Qualitative Feedback

I noted at the top of this post that we are just feeling our way at the moment in this area, and the survey responses have been very helpful in this respect.  We also gave respondents a free text box should they wish to add qualitative feedback, comments or queries.

Here is a brief summary of the feedback we have received to date.  Much of this applies to the wider research data management agenda, rather than the specifics of how we approach RDM at Loughborough, and may be of wider interest:
  • Confidentiality requirements:
    • privacy and anonymity of experimental subjects
    • industrial and public sector partnerships such as our work with the NHS
  • Work would be required in some cases to anonymize e.g. interview transcripts
  • Permission may be required to share data that was not collected with public release in mind
  • Open data needs to be written into all new grant applications, project plans and experimental protocols - not added as an afterthought
  • Should we be aiming to open "all" data, or just the data required for reproducibility of published results?
  • Proprietary software is required in some cases to process data - this may not be generally available, and in some cases is commercial in confidence or even security classified
  • Software could be considered as "data" and in many cases will be required in order to reproduce published results - should researchers be encouraged to open source any software they develop?
  • Is it feasible to open all of the data supporting our REF2014 submissions?
  • Requirements around inter-institutional collaboration, and suitability of cloud services like Google Drive and Dropbox - availability outside institutional silos versus bandwidth/latency
  • Availability central storage for "big data" - a number of respondents felt that this would make an enormous difference to their research
  • Processing capability for "big data" - the University's existing HPC facilities can be used in extremis for crunching big data, but the software that exists to do this (e.g.
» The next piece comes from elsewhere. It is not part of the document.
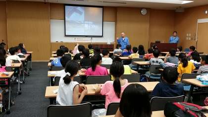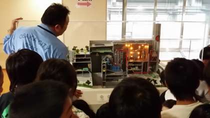 焼却場の見学に来ています。しっかり説明を聞いています。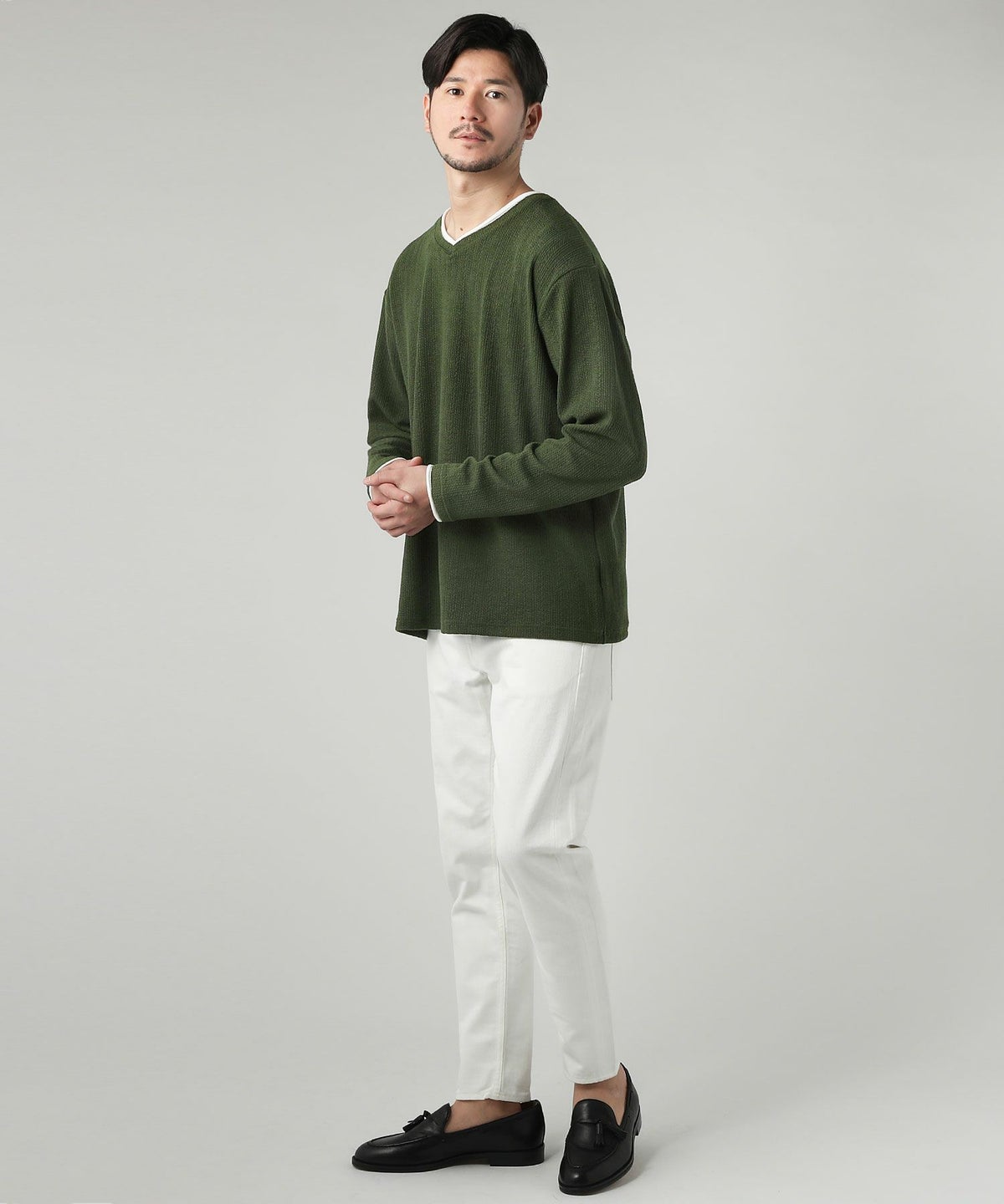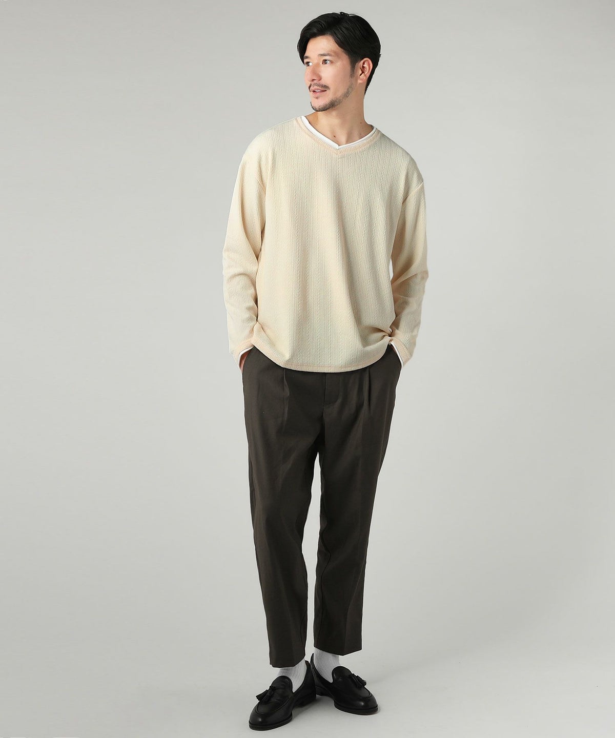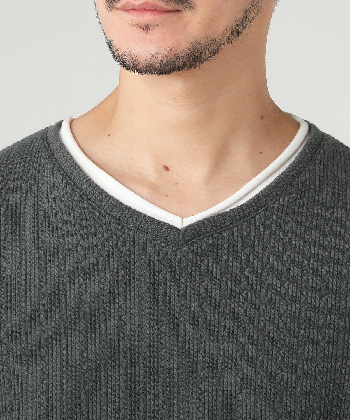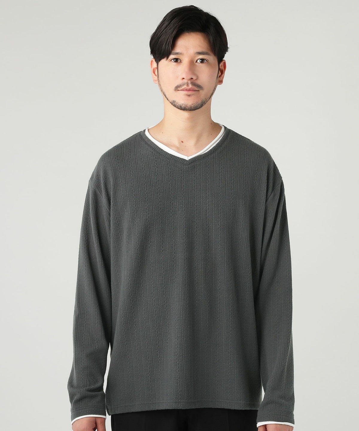 ジャガードダブルフェイスロールVネックカットソー

Hadoop) is not a good match for the traditional HPC environment
  • Re-use of existing open data - strategies for citing, e.g. whether to make a local copy available to be sure of being able to satisfy open data mandate
  • Relationship to other initiatives, e.g. ESRC Data Archive, and arXiv's archive facility for data linked to publications
So, all in all a good start - with some very helpful feedback.  If you are a Loughborough reader and you haven't already completed the survey, please do.  For readers from other institutions, I'd welcome any comments (via the form below) on the points raised above and your own attempts to "describe the elephant".


Postscript

From the Wikipedia article on Blind Men and an Elephant, here's a neat twist on the parable:
Six blind elephants were discussing what men were like.
After arguing they decided to find one and determine what
it was like by direct experience.
The first blind elephant felt the man and declared -
“Men are flat.”
After all the blind elephants felt the man, they agreed.